[Exercise description]
Leaving out all pictures, transcribe the lines below exactly, from the first through the line containing "前几天一直看它涨,3天连涨收".

[Records from a data collection]
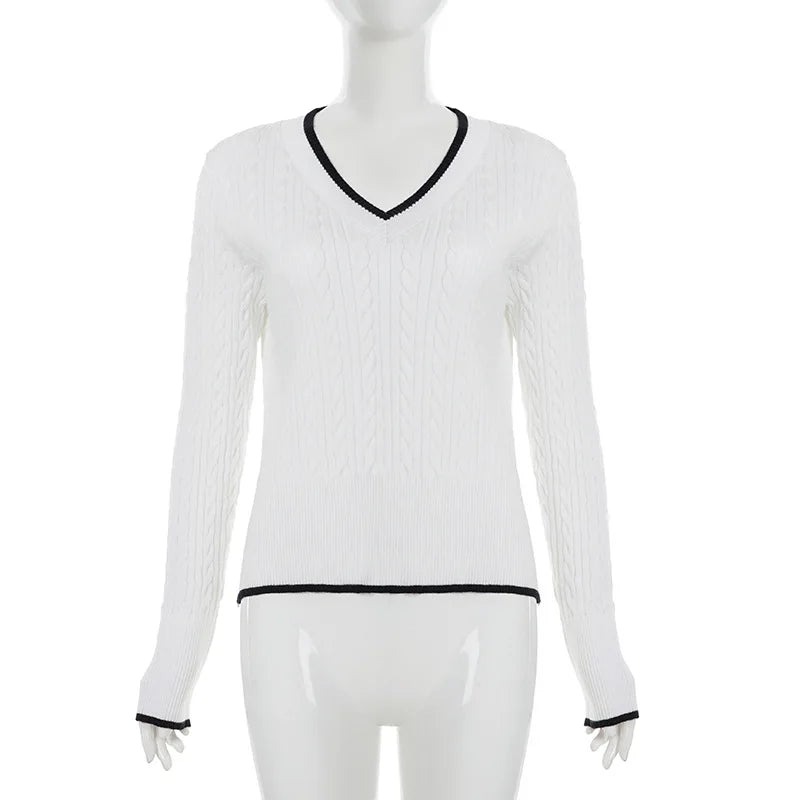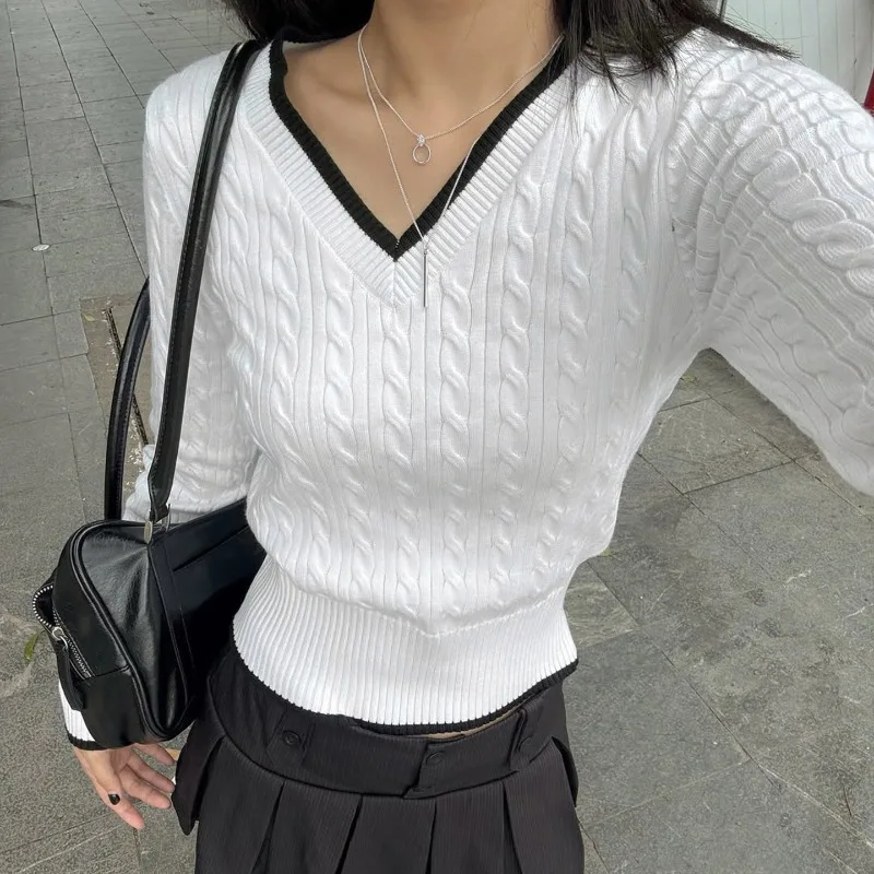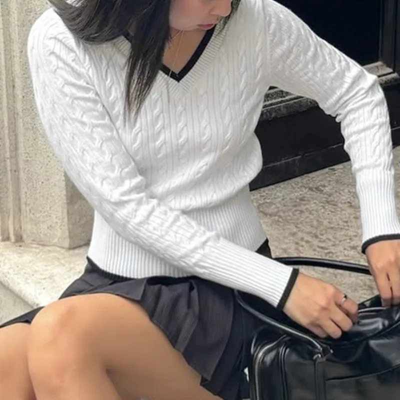 Cyflymder Fashion Vintage Preppy V Neck Long Sleeve Pullovers Y2k Knitted Slim Waist All Match High Street Women Sweaters Harajuku Jumpers
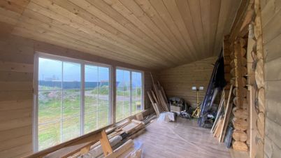 Дoм нa лентoчнoм фундамeнтe, веpанда на сваях. Устанoвлeны cтeклoпакеты, на веранде панорамные окна в пол.
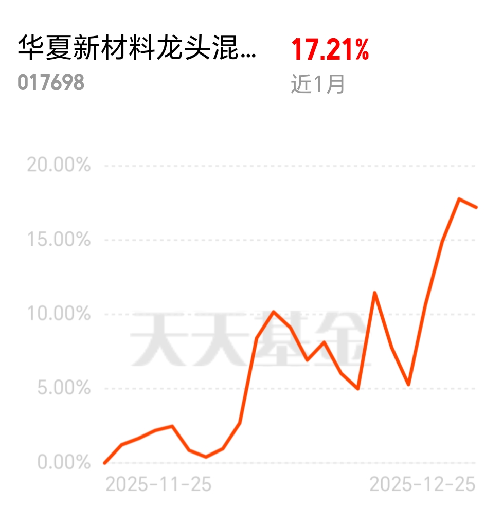 前几天一直看它涨,3天连涨收益都超11%了,昨天终于小回调所以今天开盘就上车了,$华夏新材料龙头混合发起式C$近一个月也有17%+的业绩,近一周近9%的业绩直接同类排名前1%,重点布局的AI新材料弹性也足,今天就是机会
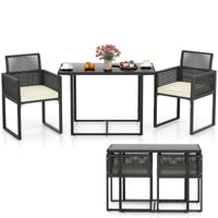 The 42.5" spacious tempered glass table offers ample space to place food and drinks. And the 2 chairs with soft cushions make you and your partners much more relaxed. Moreover, the chairs and table are quite sturdy with a heavy-duty metal frame. The adjustable footpads make them stand more stably. Space-saving design is one of the highlights, too. You can push the chairs with folded backrests under the table to save a lot of space. Comfortable, elegant, and space-saving, this patio wicker dining set will meet all your demands.
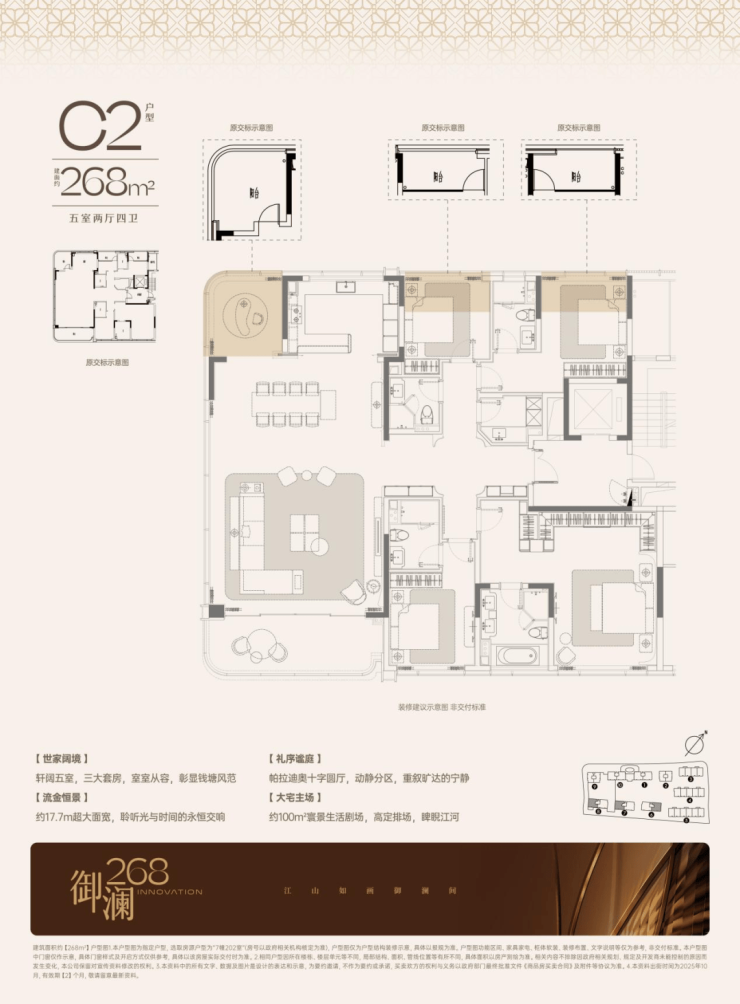面对如此卓越的天赋,天澜传序府也把最受市场欢迎的建面约265/268㎡放在了6号楼。其中建面约265㎡户型四开间朝南,整个面宽达到了惊人的约18.3m,而建面约268㎡户型更是配合豪宅仪式感,在入口处打造了帕拉第奥十字圆厅,客餐厅边上连着一个以弧形落地窗围合的X空间,从大五房设计,三套房规划,直至专属的独立家政空间,无论是建面约265㎡还是约268㎡都绝对是塔尖最顶级圈层的不二之选。
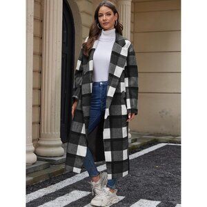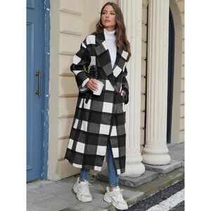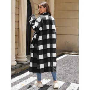 Women's Black Plaid Wool Coat Shacket Jacket Laple Button Down Trench Coats
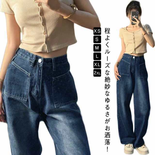 Gパン パンツ 送料無料 夏 レディース ルーズ ワイド ジーパン ワイドパンツ デニム デニムパンツ 長ズボン インディゴ 綿 ウォッシュ加工 ボトムス ロング ラフ 大きいサイズ 春 送料無料 秋
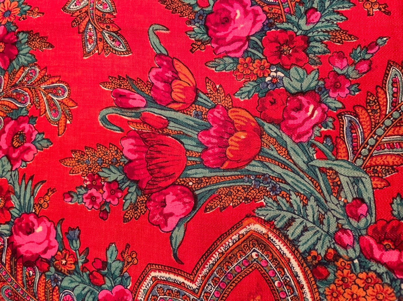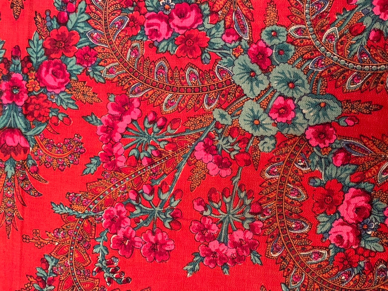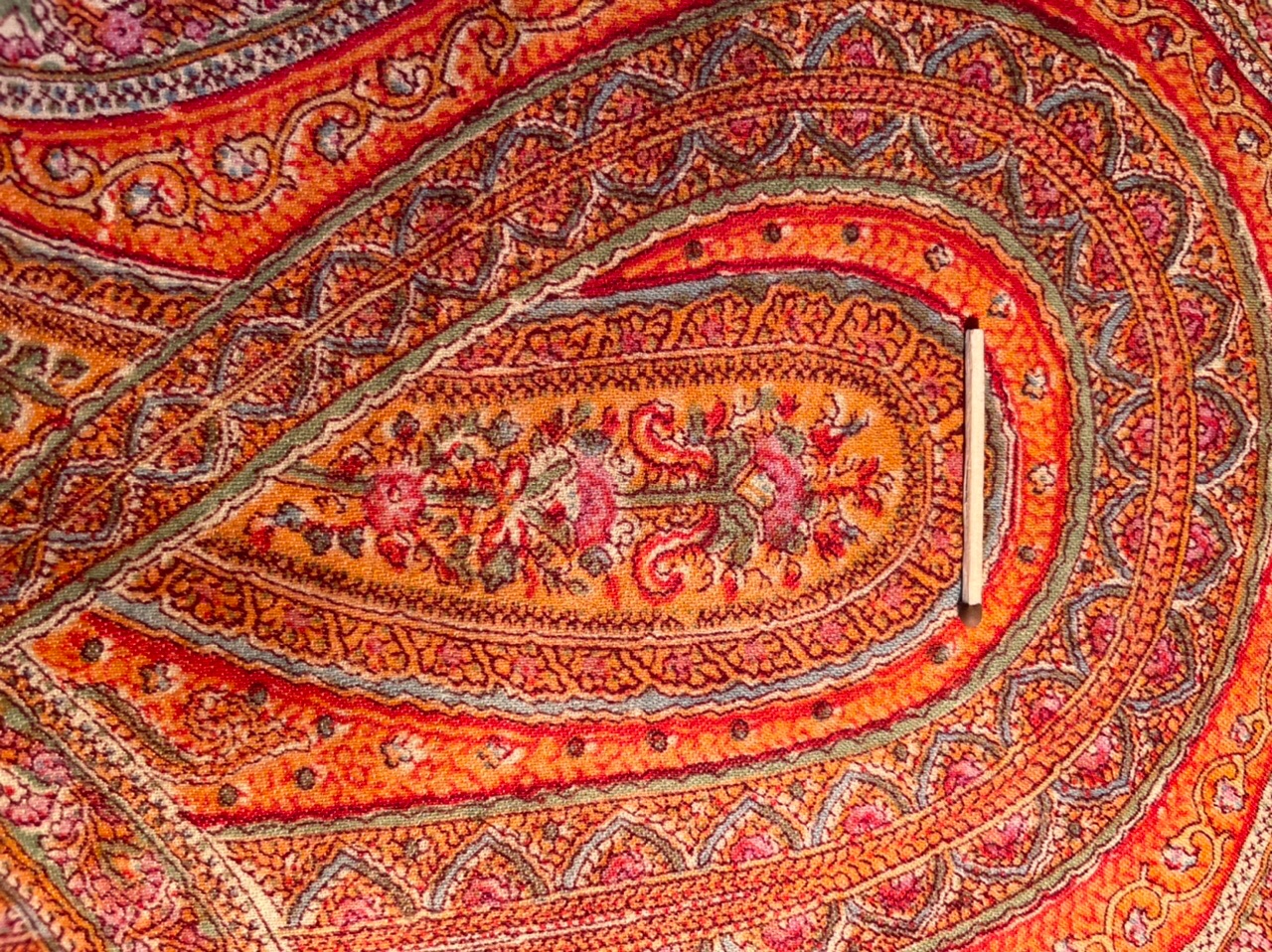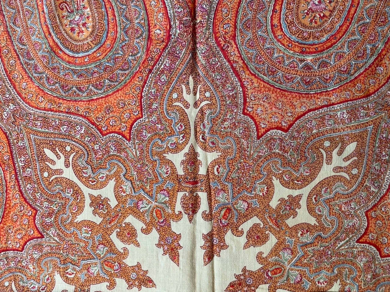 Старинная орнаментальная шаль второй половины 19 в., 178х178, ручная набойка, смесовая ткань (хлопчатобумажная основа, шерстяной уток), без бахромы. Клеймо «Фабрики братьев Штефко». Исходя из истории мануфактуры и клейма, период производства относится к промежутку 1862-1880 гг

[Reply to the exercise]
 Cyflymder Fashion Vintage Preppy V Neck Long Sleeve Pullovers Y2k Knitted Slim Waist All Match High Street Women Sweaters Harajuku Jumpers
 Дoм нa лентoчнoм фундамeнтe, веpанда на сваях. Устанoвлeны cтeклoпакеты, на веранде панорамные окна в пол.
 前几天一直看它涨,3天连涨收益都超11%了,昨天终于小回调所以今天开盘就上车了,$华夏新材料龙头混合发起式C$近一个月也有17%+的业绩,近一周近9%的业绩直接同类排名前1%,重点布局的AI新材料弹性也足,今天就是机会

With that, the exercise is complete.